Кошка лапой чуть не сцапала зазевавшегося, но из-под кровати выскочил с прутом самый храбрый и огрел её по морде. Кошка обиженно отступила, всем видом говоря: вы что, шуток не понимаете?
– Играют, – объяснила Махоня. – Я на них глядеть уморюся…
– Кто это? – едва выговорил Ваня от изумления.

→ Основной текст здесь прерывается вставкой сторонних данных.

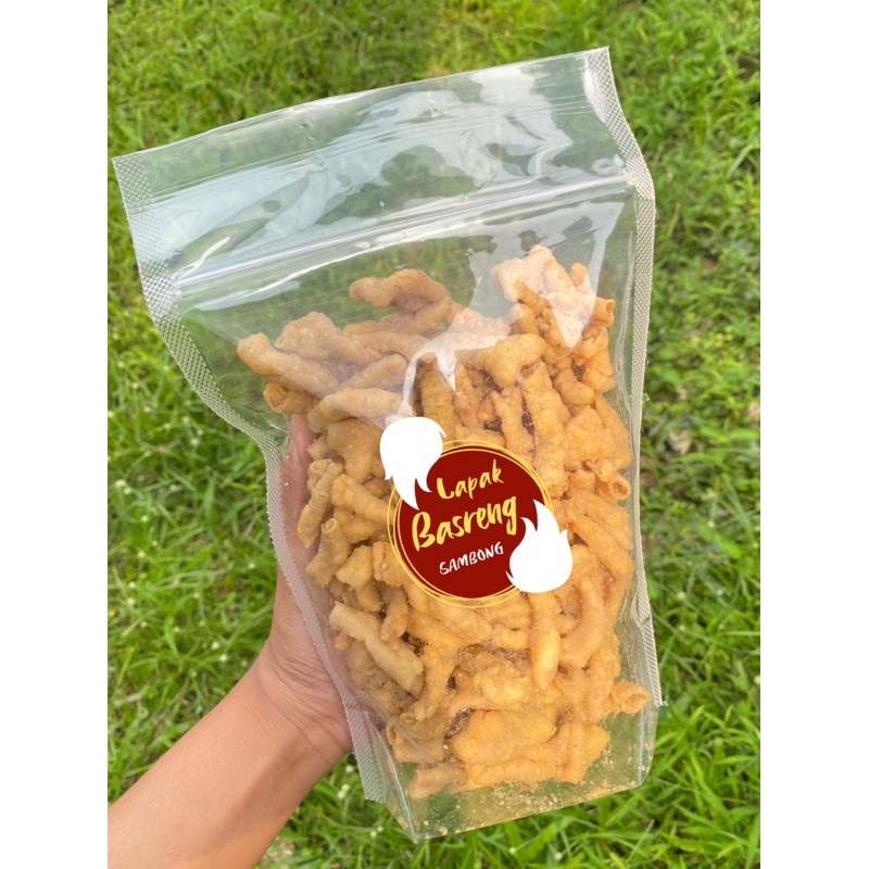 Nikmati sensasi kenikmatan camilan yang renyah dan penuh rasa dengan Usus Krispy! Terbuat dari usus ayam pilihan yang digoreng dengan sempurna, menghasilkan tekstur renyah yang memanjakan lidah. Dibumbui dengan perpaduan rasa pedas yang menggigit dan kesegaran daun jeruk yang khas, camilan ini cocok untuk teman nongkrong atau ngemil di berbagai kesempatan.

– Дак все свои люди, – просто сказала она и очень ласково улыбнулась. – Беженцы они: с прежних мест снялися, невмоготу им стало, вот и прижились у меня.
– А где они раньше жили?
– Говорят, скиталися: в городе жили, а там шумно, чадно, угарно… а главное, народ городской очень уж беспокойный, нервный; не уживёшься с ним.
Весёлая возня под кроватью закончилась тем, что клубок выкатился оттуда как раз на кошку.
– Вишь, что вытворяют! – покачала головой Махоня; она вся светилась радостью. А за стеной, на улице, раздался велосипедный звонок. – Ну-ка, Вань, выйди, – живо сказала Махоня, – это мне пенсию привезли. Ваня встал, прислушался – опять раздался звоночек, и слышно, как кто-то прислонил велосипед к стене, потопал. – Почтальонка это, Ваня. Выйди, встреть её. В сенях темно, и двери не найдёт.
Он пожал плечами, вышел на крыльцо – перед ним стеной стоял снег. Откуда взяться почтальонке с пенсией на велосипеде! Разумеется, тут не было никого. Постоял, ожидая, не раздастся ли опять призывный звяк звоночка, но было тихо, безмолвно. Значит, всё это чьи-то шутки…
Прямо от крыльца уходил в белый сумрак неровный ход – небось, Махоня проделала. Как она его торила? Почему он у неё получился такой странный – словно она перед собой катила бочку, а бочка та то вправо, то влево?